Nome
do Filme : “A Street Cat Named Bob”
Titulo
Inglês : “A Street Cat Named Bob”
Ano
: 2016
Duração
: 102 minutos
Género
: Biográfico/Drama
Realização
: Roger Spottiswoode
Elenco
: Bob the Cat, Luke Treadaway, Ruta Gedmintas, Joanne Froggatt,
Anthony Head, Darren Evans, Tony Jayawardena, Beth Goddard, Ruth
Sheen, Caroline Goodall, Sasha Dickens, Cleopatra Dickens, Nadine
Marshall, Rob Jarvis, Ivana Basic.
História
: James Bowen é um jovem que à uns anos assistiu ao divórcio dos
pais, sofreu muito com o desprezo do pai, acabando por se tornar num
sem abrigo e também num toxicodependente. Na actualidade, ele vive
muito mal e ganha uns escassos trocos com canções que canta e toca
na sua guitarra pelas ruas durante o dia. Numa manhã, ele aceita
entrar num programa que consiste numa última tentativa de deixar o
vício e o principal incentivo é uma modesta casa que a sua
assistente lhe consegue arranjar em troca dele cumprir o acordo. Numa
das noites frias, James descobre que um gato lhe entrou pela casa
dentro e decide ficar com ele. Nesse preciso momento, ambos
desconheciam que as suas vivências iam mudar para melhor, tudo
porque se têm um ao outro e porque um cuida do outro.
Comentário
: Fiquei apaixonado por este filme assim que o acabei de ver, é
simplesmente emocionante e realista, ou não fosse ele adaptado de um
livro que muito vendeu, livro este que conta a história verdadeira
de um jovem adulto carenciado e do seu peculiar relacionamento com um
gato de rua que lhe faz uma visita inesperada a meio da noite. Sim,
esta história aconteceu na realidade e o verdadeiro James Bowen
apoiou como pode a produção do filme. Estamos perante um filme sem
pretensões, mas firme na história que pretende contar, dando aos
temas abordados a respectiva complexidade. Há cenas muito dramáticas
e existem planos espectaculares do ponto de vista do gato. O filme
também mostra como a vida é muito difícil para certas pessoas, e
mostra igualmente que existe gente muito má.
Luke
Treadaway tem aqui uma excelente prestação, ele esteve à altura do
complicado desafio que é o de interpretar o seu personagem, cantar,
tocar um instrumento, chorar, contracenar com um elenco de
secundários bastante competente e, por último, dividir o
protagonismo com Bob, o felino que é o verdadeiro protagonista do
filme. Bob, como animal-actor, esteve perfeito, a seguir ao cão “Hakita”

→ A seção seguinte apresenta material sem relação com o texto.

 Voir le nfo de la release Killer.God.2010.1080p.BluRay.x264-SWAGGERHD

que interpretou Hachiko no filme com o mesmo nome, realizado pelo
agora polémico Lasse Hallstrom. Voltando ao filme, foi uma sorte Bob
ter engraçado com o actor que dá vida a James Bowen, ajudou imenso
a tornar tudo mais credível e realista. Eu adoro gatos, os felinos
são os meus animais preferidos e para mim, este filme é um prato
cheio, com a mais valia de abordar igualmente as relações humanas.

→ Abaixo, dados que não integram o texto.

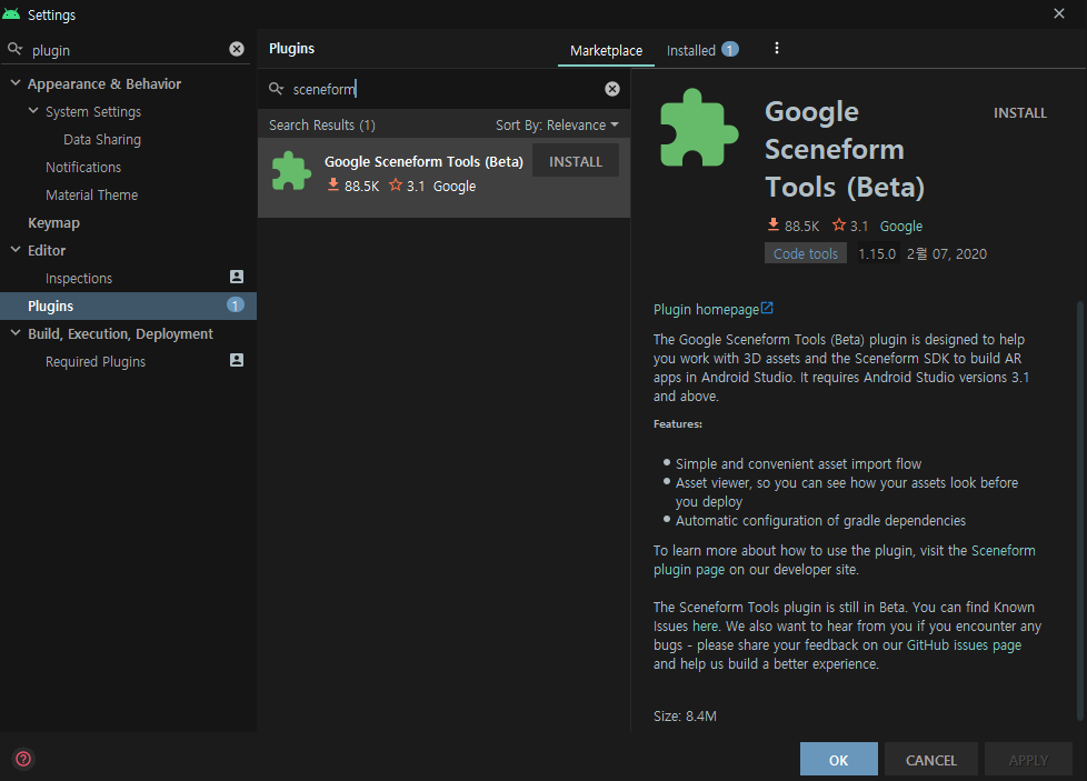 다음은 설정 창을 열어서 plugin을 눌러 플러그인을 설치한다. 검색창에 sceneform이라고 치면 나오는 이것을 설치한다.

O filme prova também que com muita força de vontade, uma pessoa
consegue resolver grande parte dos seus problemas. É uma fita muito
dramática, sem nunca ser lamechas, mesmo assim confesso que algumas
cenas quase me fizeram derramar umas lágrimas. No início do
genérico final, surgem umas legendas sobre como estão James e Bob
na actualidade e ainda algumas fotografias dos dois. Trata-se de um
dos filmes que mais trabalhou a minha sensibilidade. Adorei.